> **WORK ORDER**
Write out again, word for word, the lines below from the line that holds "Details: Front Windshield" through the line that holds "關(guān)于藥品注冊申請", omitting pictures.

> **ENTRIES SHOWN**
++++++++
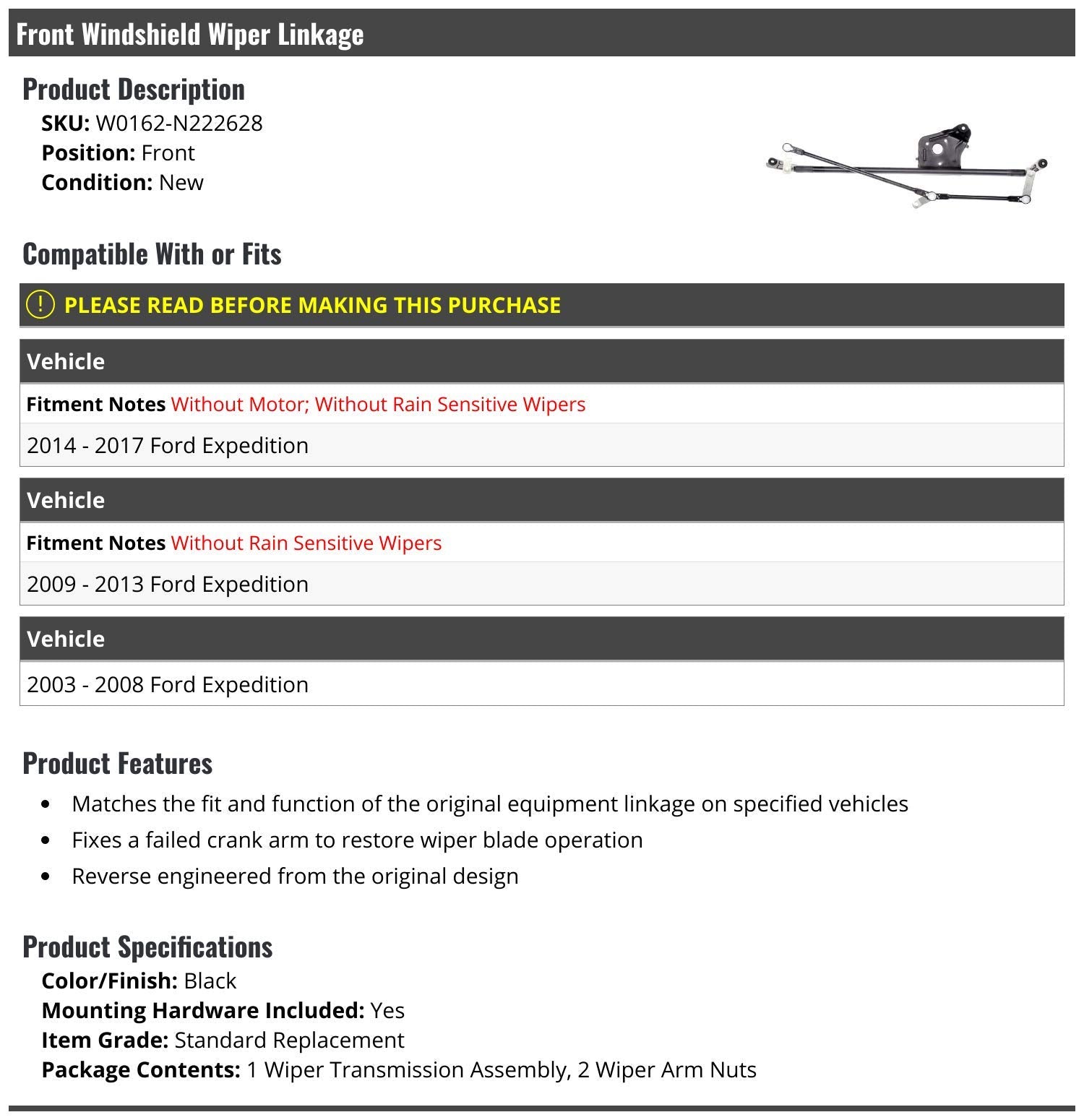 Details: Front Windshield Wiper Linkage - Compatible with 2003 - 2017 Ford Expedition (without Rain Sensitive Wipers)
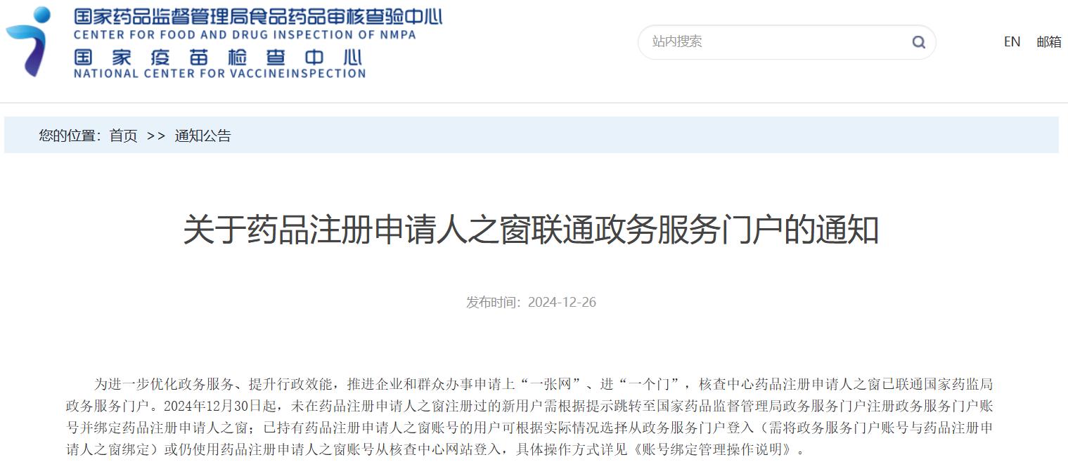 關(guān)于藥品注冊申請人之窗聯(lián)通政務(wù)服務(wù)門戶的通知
++++++++
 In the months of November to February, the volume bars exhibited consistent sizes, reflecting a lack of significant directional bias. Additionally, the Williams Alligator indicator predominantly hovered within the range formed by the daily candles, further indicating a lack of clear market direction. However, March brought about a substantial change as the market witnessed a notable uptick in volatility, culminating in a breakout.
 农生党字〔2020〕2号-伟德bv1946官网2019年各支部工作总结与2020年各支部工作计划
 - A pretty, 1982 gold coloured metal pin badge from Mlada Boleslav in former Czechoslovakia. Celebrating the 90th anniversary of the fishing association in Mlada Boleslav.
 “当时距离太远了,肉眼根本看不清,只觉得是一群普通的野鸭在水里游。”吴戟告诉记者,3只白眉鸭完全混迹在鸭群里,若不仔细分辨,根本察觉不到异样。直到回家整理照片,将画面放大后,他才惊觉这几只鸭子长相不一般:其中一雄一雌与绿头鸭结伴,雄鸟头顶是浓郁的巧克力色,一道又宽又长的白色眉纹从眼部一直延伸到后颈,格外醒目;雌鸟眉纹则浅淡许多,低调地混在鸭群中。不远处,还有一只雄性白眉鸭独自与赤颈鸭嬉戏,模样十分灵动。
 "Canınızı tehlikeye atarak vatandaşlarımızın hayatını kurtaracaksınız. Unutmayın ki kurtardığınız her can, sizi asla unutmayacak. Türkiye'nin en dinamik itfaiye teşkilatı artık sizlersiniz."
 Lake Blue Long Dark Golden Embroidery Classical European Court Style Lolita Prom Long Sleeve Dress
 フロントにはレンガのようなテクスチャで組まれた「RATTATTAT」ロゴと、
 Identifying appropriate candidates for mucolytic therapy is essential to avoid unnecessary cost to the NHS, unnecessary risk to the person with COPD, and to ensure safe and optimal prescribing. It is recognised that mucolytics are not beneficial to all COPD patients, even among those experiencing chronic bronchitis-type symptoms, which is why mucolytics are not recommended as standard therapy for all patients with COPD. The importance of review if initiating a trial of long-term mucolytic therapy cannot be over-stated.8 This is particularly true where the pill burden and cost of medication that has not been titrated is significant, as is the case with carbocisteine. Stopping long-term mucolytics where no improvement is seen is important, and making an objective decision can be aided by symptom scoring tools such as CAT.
++++++++
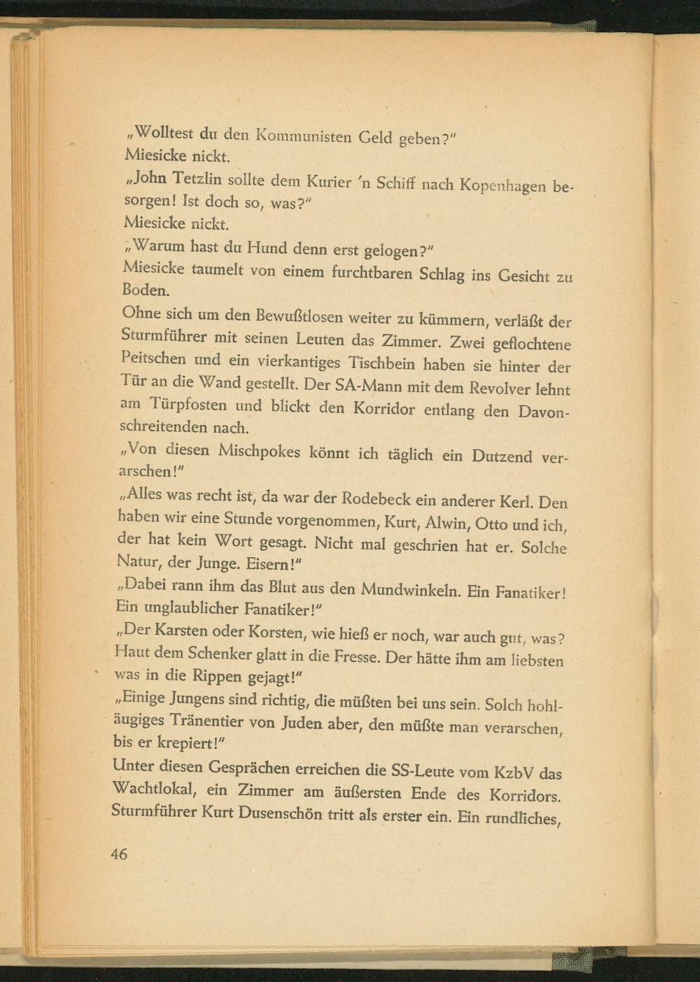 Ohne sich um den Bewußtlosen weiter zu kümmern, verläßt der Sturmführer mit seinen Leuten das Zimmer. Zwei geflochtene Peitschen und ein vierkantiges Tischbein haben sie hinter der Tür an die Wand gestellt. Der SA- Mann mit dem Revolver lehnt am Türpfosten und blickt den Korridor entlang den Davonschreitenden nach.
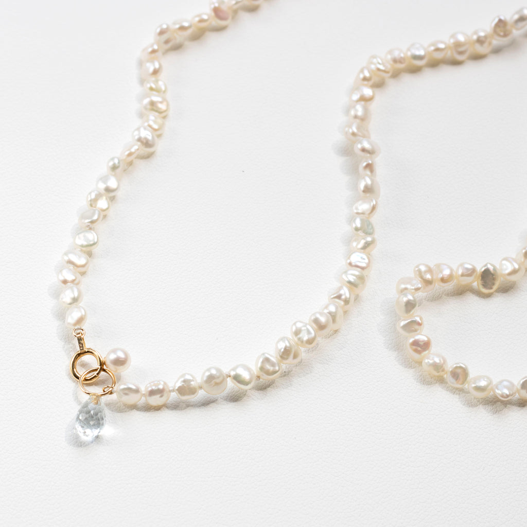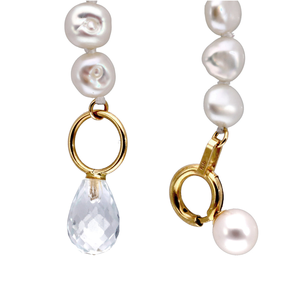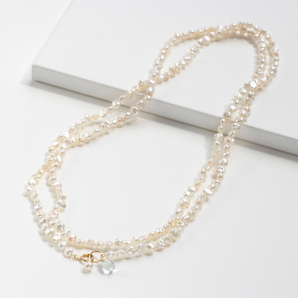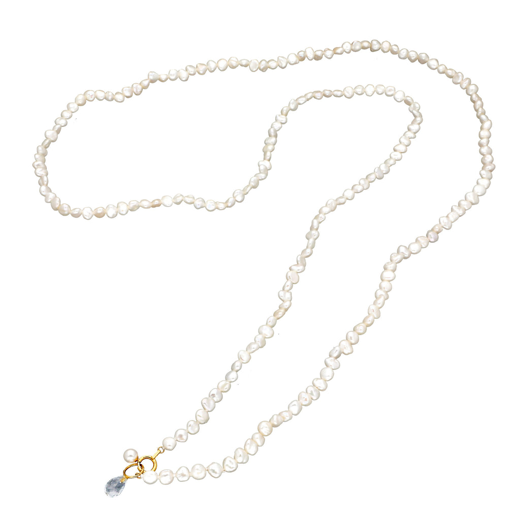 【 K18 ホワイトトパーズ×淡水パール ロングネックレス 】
++++++++
> **SOLUTION TO THIS TASK**
 Details: Front Windshield Wiper Linkage - Compatible with 2003 - 2017 Ford Expedition (without Rain Sensitive Wipers)
 關(guān)于藥品注冊申請人之窗聯(lián)通政務(wù)服務(wù)門戶的通知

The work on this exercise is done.